▸ **SUPPLIED DATA**:
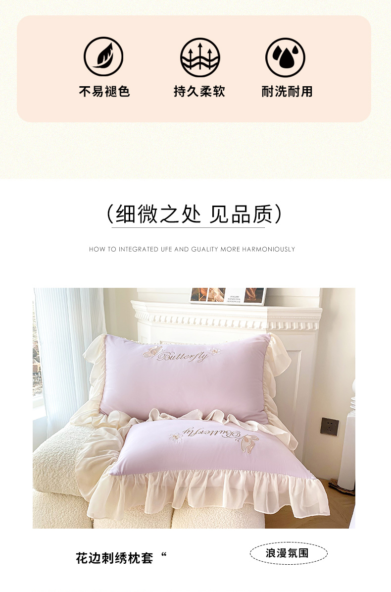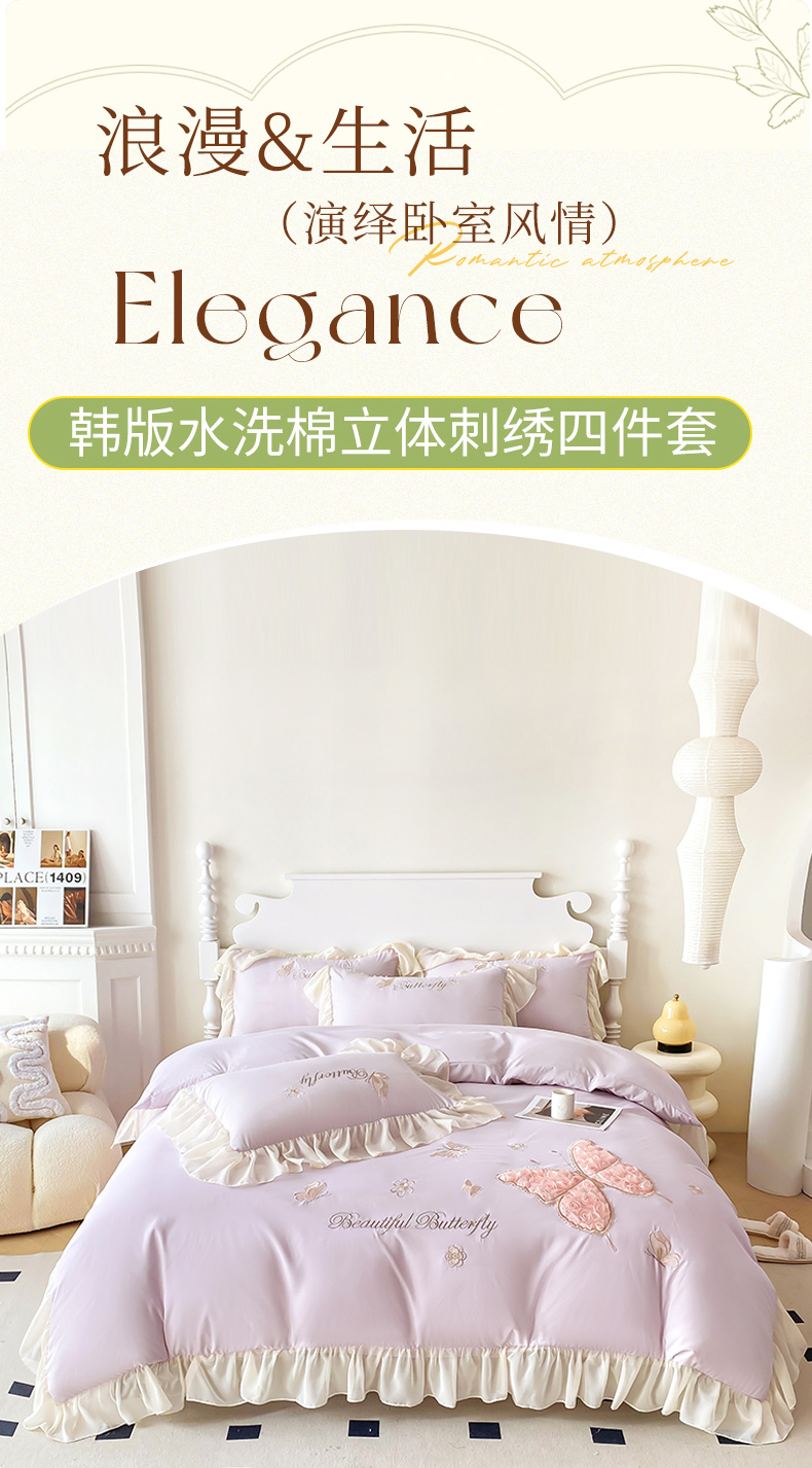 富盛 2024新款水洗亲肤棉立体刺绣四件套公主风四件套-蝴蝶系列 蝴蝶-紫
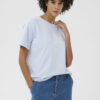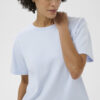 AnnePW T‑shirt har korte ærmer og rund hals, som understreger det klassiske snit. Den melerede heather blue farve gør T‑shirten let at kombinere med både lyse og mørke nuancer og gør den ideel til lag‑på‑lag styling under strik, skjorter eller jakker.
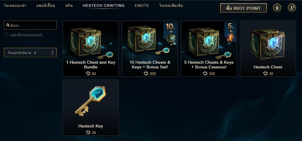 โดย Hextech Chest นั้นสามารถหาซื้อได้ในร้านค้าในราคา 38 RP (Chest + Key ในราคา 60 RP) หรือสามารถซื้อแบบ Bundle ในราคา 600 RP (ภายในมี Chest + Key อย่างละ 11 ชิ้น) อีกทั้งยังสามารถรับ Hextech Chest ได้เมื่อคุณสามารถทำเกรด S ในแชมเปี้ยนแต่ละตัวได้ สำหรับใครที่ยังไม่ทราบว่าจะได้อะไรบ้าง มีโอกาสเท่าไร เรามาอ่านข้อมูลกันเลยดีกว่าครับ
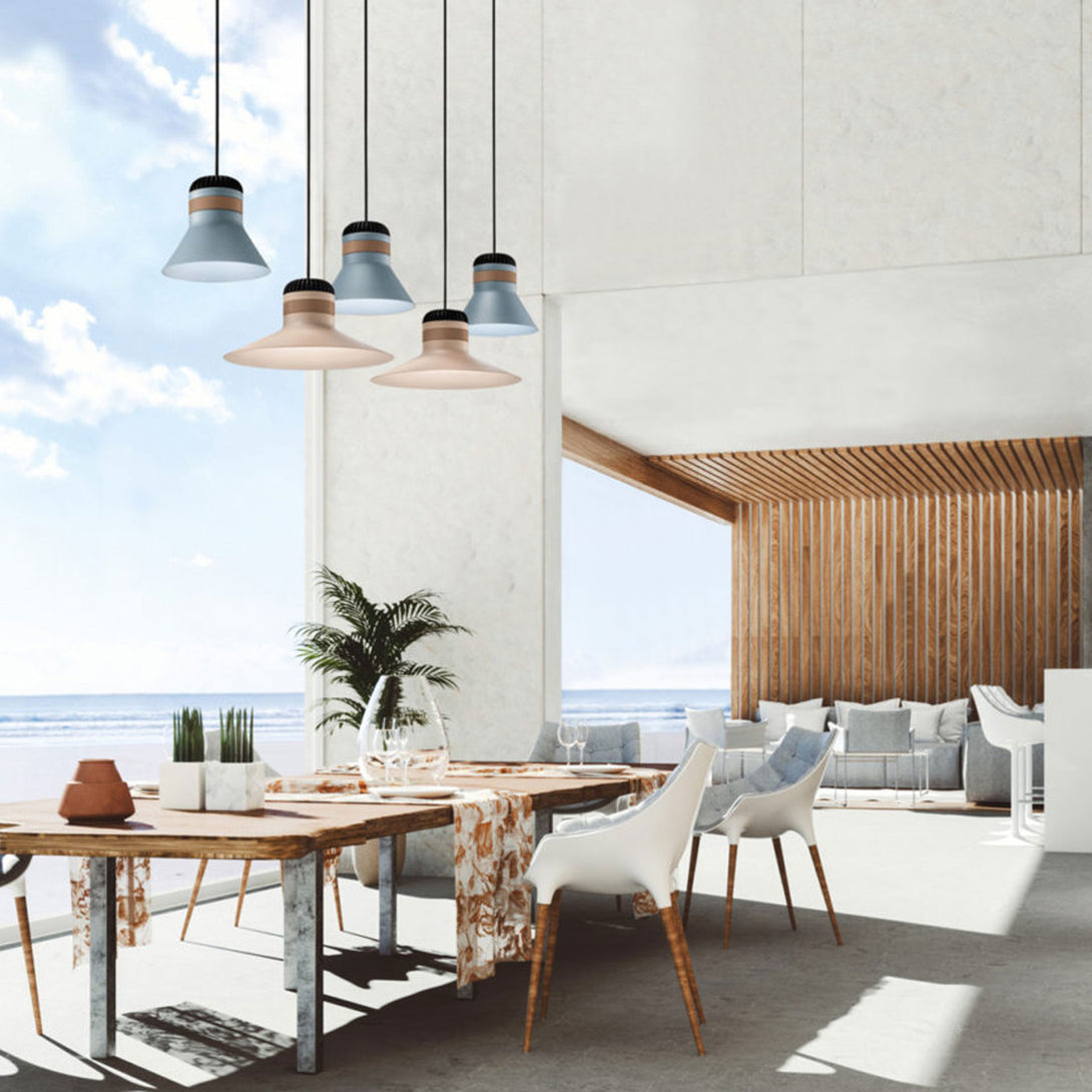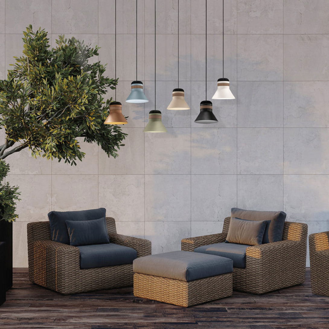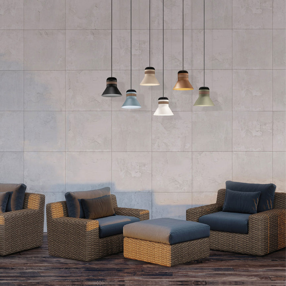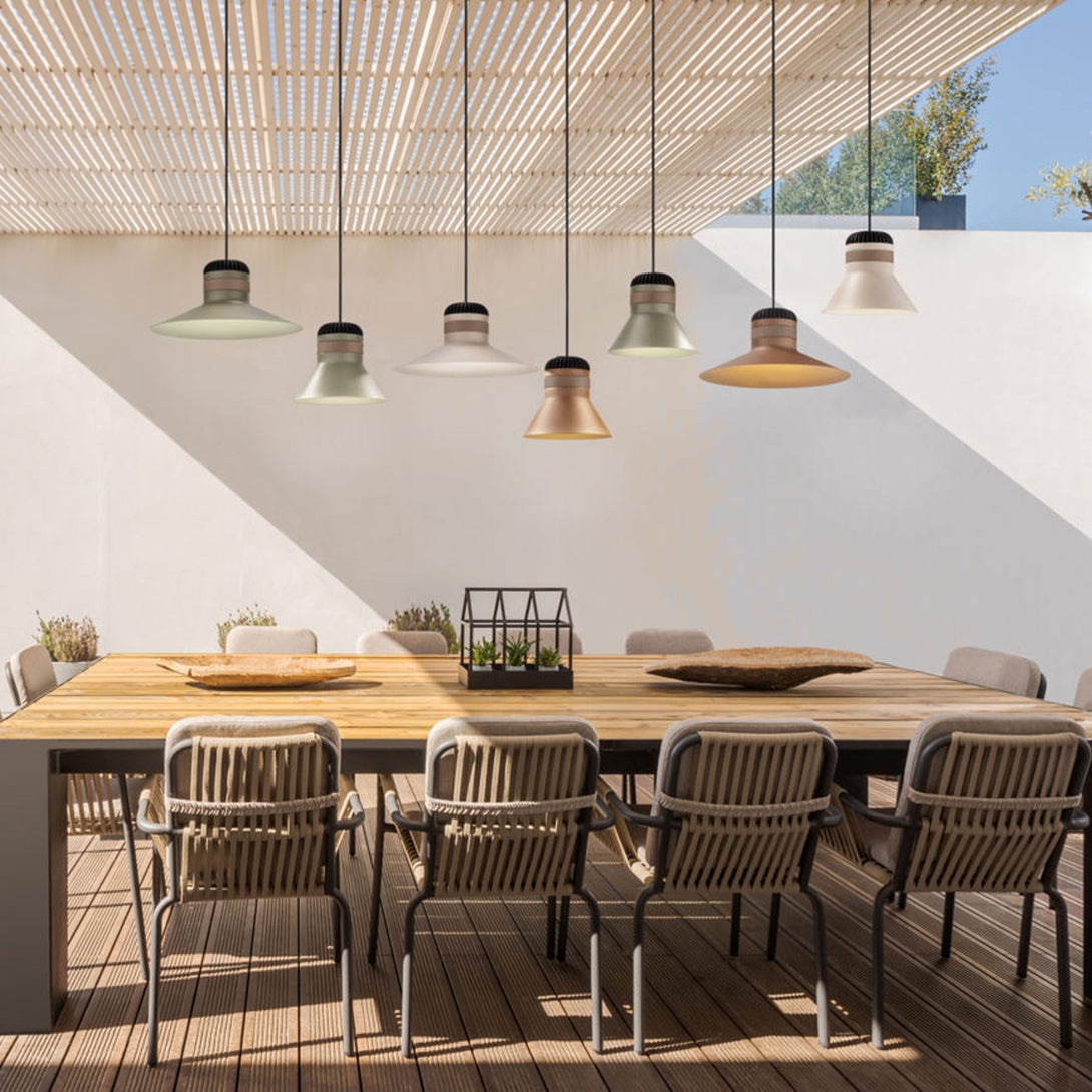 Disponibile nelle versioni da sospensione, parete e tavolo, Cordea Outdoor offre diverse combinazioni di finiture per corpo e cinturino, permettendo di adattarla a ogni contesto, creando atmosfere calde e accoglienti in giardini, terrazze o spazi esterni dal carattere contemporaneo.
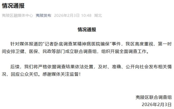 2月3日,湖北夷陵区联合调查组发布情况通报:
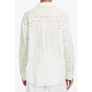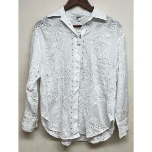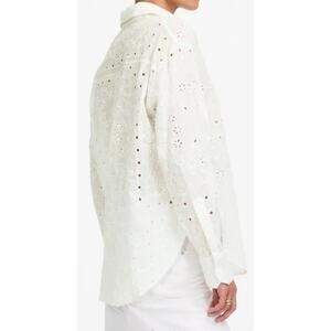 Add effortless polish to your wardrobe with this Madewell Embroidered Oversized Button-Up Shirt, brand-new with tags. Crafted from 100% cotton and detailed with all-over eyelet embroidery, this shirt blends classic tailoring with a feminine, elevated look.
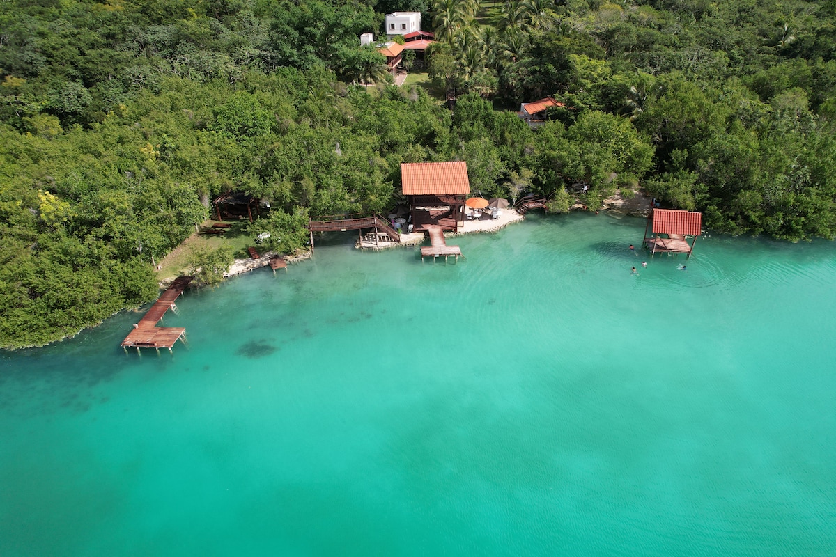 EXCLUSIVO PALAFITO SOBRE LA LAGUNA DE LOS 7 COLORES EN BACALAR Despierta con vistas inigualables y sumérgete en la tranquilidad de la laguna desde nuestro cómodo y acogedor espacio. Ubicado cerca del centro, restaurantes y los mejores rincones de Bacalar. Si buscas desconexión, naturaleza y confort, este es el lugar perfecto para ti.
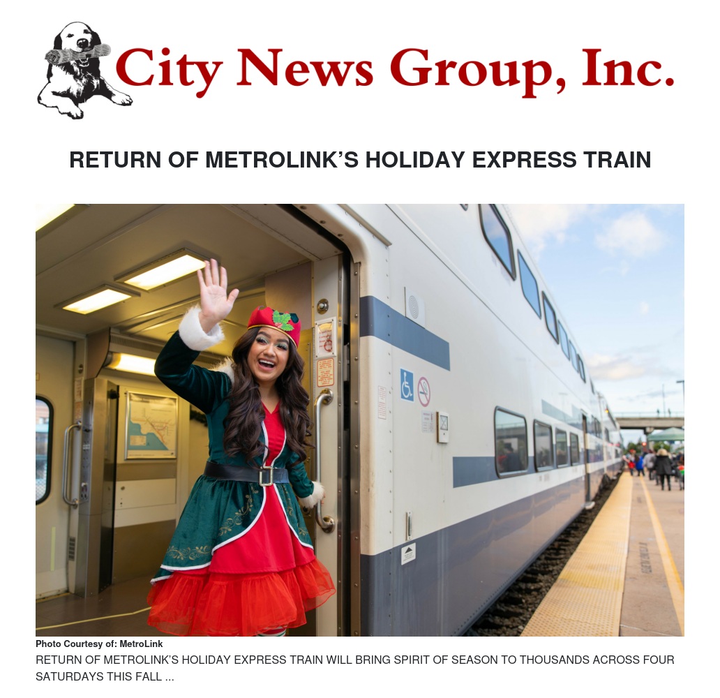 Metrolink’s Holiday Express Train will return this fall, spreading holiday cheer across Southern California with an interactive, family-friendly experience unlike any other. Holiday Express Trains are specially ticketed round-trip rides featuring festive decorations, recognizable holiday-themed characters, carolers and onboard and host-station activities for all ages.
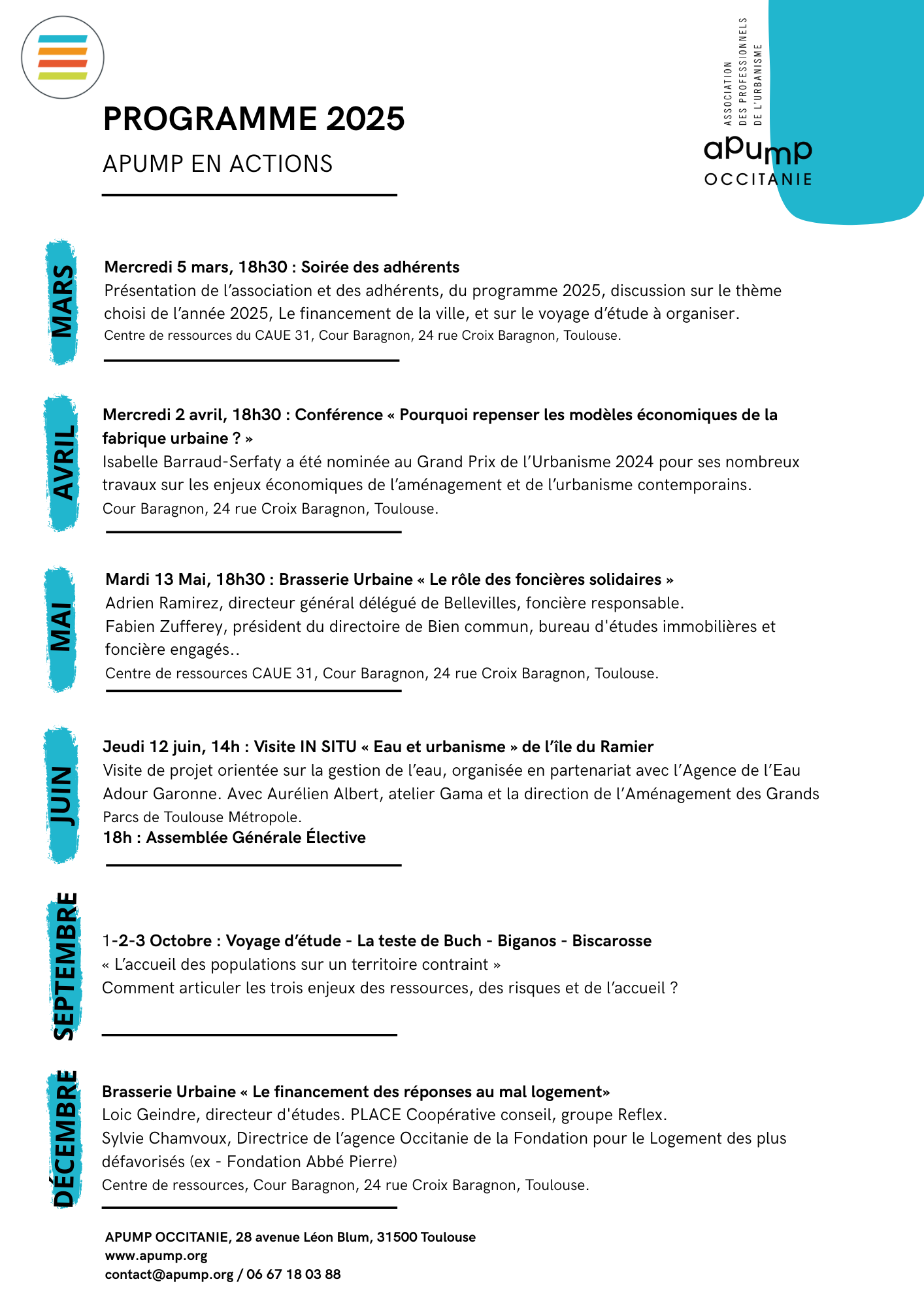 L'association des Professionnels de l'Urbanisme Midi-Pyrénées Occitanie a pour objet de constituer un lieu de débats sur l’urbanisme, la ville, l’aménagement de l’espace et du territoire, ouvert à tous les acteurs de l’urbanisme.
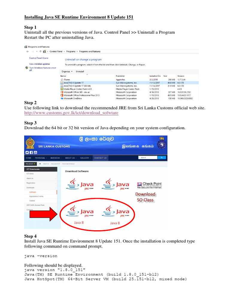 Use following link to download the recommended JRE from Sri Lanka Customs official web site.
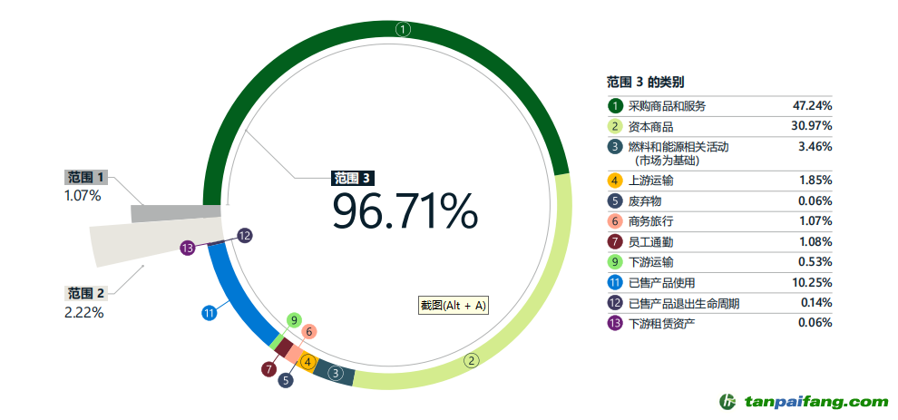微軟在基準(zhǔn)年份2020年的二氧化碳總排放為11444219噸,其中范圍一118100噸,范圍二456119噸,范圍三貢獻(xiàn)了最多的碳排放,高達(dá)10870000噸,主要來(lái)自于數(shù)以萬(wàn)計(jì)的供應(yīng)商(上游)以及數(shù)百萬(wàn)客戶(hù)對(duì)微軟產(chǎn)品的使用(下游)。
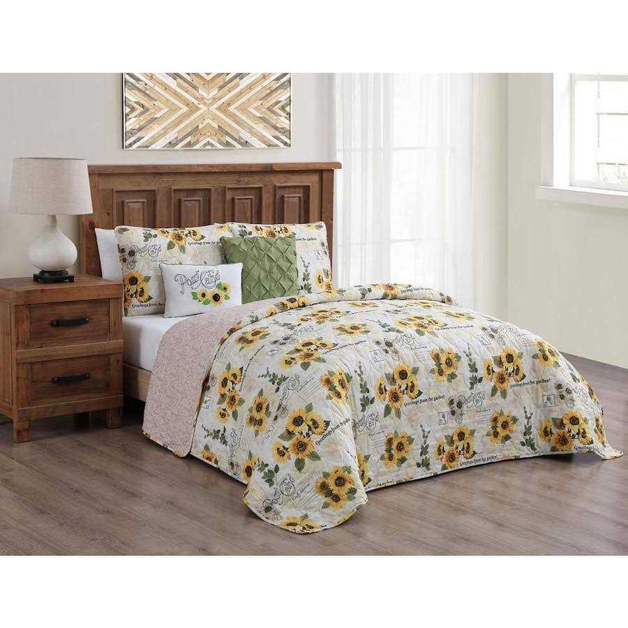 - Includes quilt, 2 shams, and 2 decorative pillows
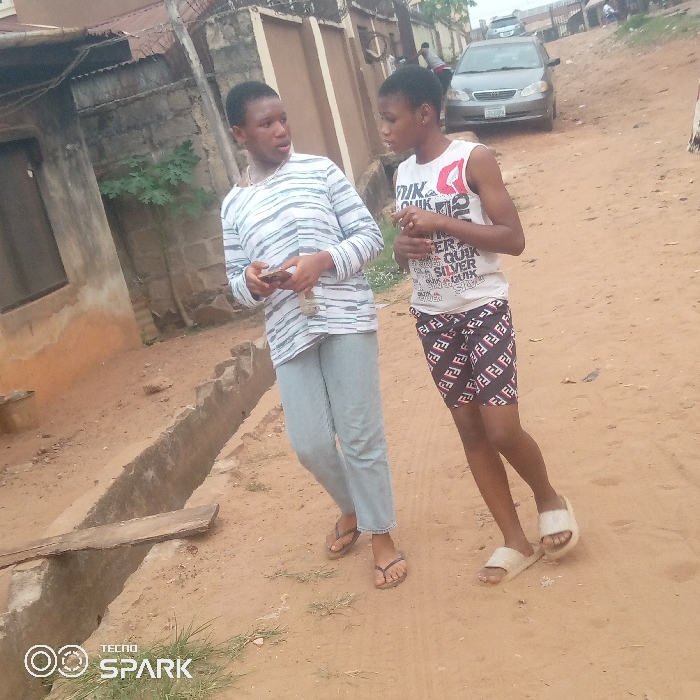 Two individuals are captured outdoors, engaged in conversation. The person on the left is wearing a striped long-sleeved shirt and light-colored jeans. The person on the right has on a tank top and patterned shorts. Both are wearing sandals. They stand on a dirt path alongside a drainage ditch, with a wooden plank laid across it. A silver car is visible in the background. The sky is overcast. The setting appears to be a residential area with various structures visible in the periphery.
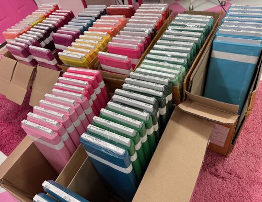 Greenery is the Pantone Color of the Year, and the pink accents include the Kona color of the year, Flamingo.  This combination was a recent challenge for the Central Ohio Modern Quilt Guild.
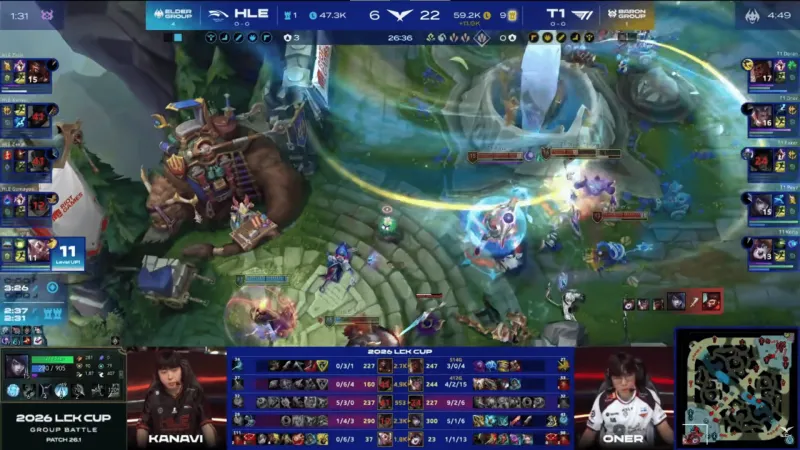 比赛第22分钟,T1抓掉Zeus纳尔后拿下大龙,随后中路打出0换4大胜HLE→

▸ **THE TASK**: Would you please repeat the entries above verbatim, excluding each picture?

▸ **RESULT BELOW**:
 富盛 2024新款水洗亲肤棉立体刺绣四件套公主风四件套-蝴蝶系列 蝴蝶-紫
 AnnePW T‑shirt har korte ærmer og rund hals, som understreger det klassiske snit. Den melerede heather blue farve gør T‑shirten let at kombinere med både lyse og mørke nuancer og gør den ideel til lag‑på‑lag styling under strik, skjorter eller jakker.
 โดย Hextech Chest นั้นสามารถหาซื้อได้ในร้านค้าในราคา 38 RP (Chest + Key ในราคา 60 RP) หรือสามารถซื้อแบบ Bundle ในราคา 600 RP (ภายในมี Chest + Key อย่างละ 11 ชิ้น) อีกทั้งยังสามารถรับ Hextech Chest ได้เมื่อคุณสามารถทำเกรด S ในแชมเปี้ยนแต่ละตัวได้ สำหรับใครที่ยังไม่ทราบว่าจะได้อะไรบ้าง มีโอกาสเท่าไร เรามาอ่านข้อมูลกันเลยดีกว่าครับ
 Disponibile nelle versioni da sospensione, parete e tavolo, Cordea Outdoor offre diverse combinazioni di finiture per corpo e cinturino, permettendo di adattarla a ogni contesto, creando atmosfere calde e accoglienti in giardini, terrazze o spazi esterni dal carattere contemporaneo.
 2月3日,湖北夷陵区联合调查组发布情况通报:
 Add effortless polish to your wardrobe with this Madewell Embroidered Oversized Button-Up Shirt, brand-new with tags. Crafted from 100% cotton and detailed with all-over eyelet embroidery, this shirt blends classic tailoring with a feminine, elevated look.
 EXCLUSIVO PALAFITO SOBRE LA LAGUNA DE LOS 7 COLORES EN BACALAR Despierta con vistas inigualables y sumérgete en la tranquilidad de la laguna desde nuestro cómodo y acogedor espacio. Ubicado cerca del centro, restaurantes y los mejores rincones de Bacalar. Si buscas desconexión, naturaleza y confort, este es el lugar perfecto para ti.
 Metrolink’s Holiday Express Train will return this fall, spreading holiday cheer across Southern California with an interactive, family-friendly experience unlike any other. Holiday Express Trains are specially ticketed round-trip rides featuring festive decorations, recognizable holiday-themed characters, carolers and onboard and host-station activities for all ages.
 L'association des Professionnels de l'Urbanisme Midi-Pyrénées Occitanie a pour objet de constituer un lieu de débats sur l’urbanisme, la ville, l’aménagement de l’espace et du territoire, ouvert à tous les acteurs de l’urbanisme.
 Use following link to download the recommended JRE from Sri Lanka Customs official web site.
微軟在基準(zhǔn)年份2020年的二氧化碳總排放為11444219噸,其中范圍一118100噸,范圍二456119噸,范圍三貢獻(xiàn)了最多的碳排放,高達(dá)10870000噸,主要來(lái)自于數(shù)以萬(wàn)計(jì)的供應(yīng)商(上游)以及數(shù)百萬(wàn)客戶(hù)對(duì)微軟產(chǎn)品的使用(下游)。
 - Includes quilt, 2 shams, and 2 decorative pillows
 Two individuals are captured outdoors, engaged in conversation. The person on the left is wearing a striped long-sleeved shirt and light-colored jeans. The person on the right has on a tank top and patterned shorts. Both are wearing sandals. They stand on a dirt path alongside a drainage ditch, with a wooden plank laid across it. A silver car is visible in the background. The sky is overcast. The setting appears to be a residential area with various structures visible in the periphery.
 Greenery is the Pantone Color of the Year, and the pink accents include the Kona color of the year, Flamingo.  This combination was a recent challenge for the Central Ohio Modern Quilt Guild.
 比赛第22分钟,T1抓掉Zeus纳尔后拿下大龙,随后中路打出0换4大胜HLE→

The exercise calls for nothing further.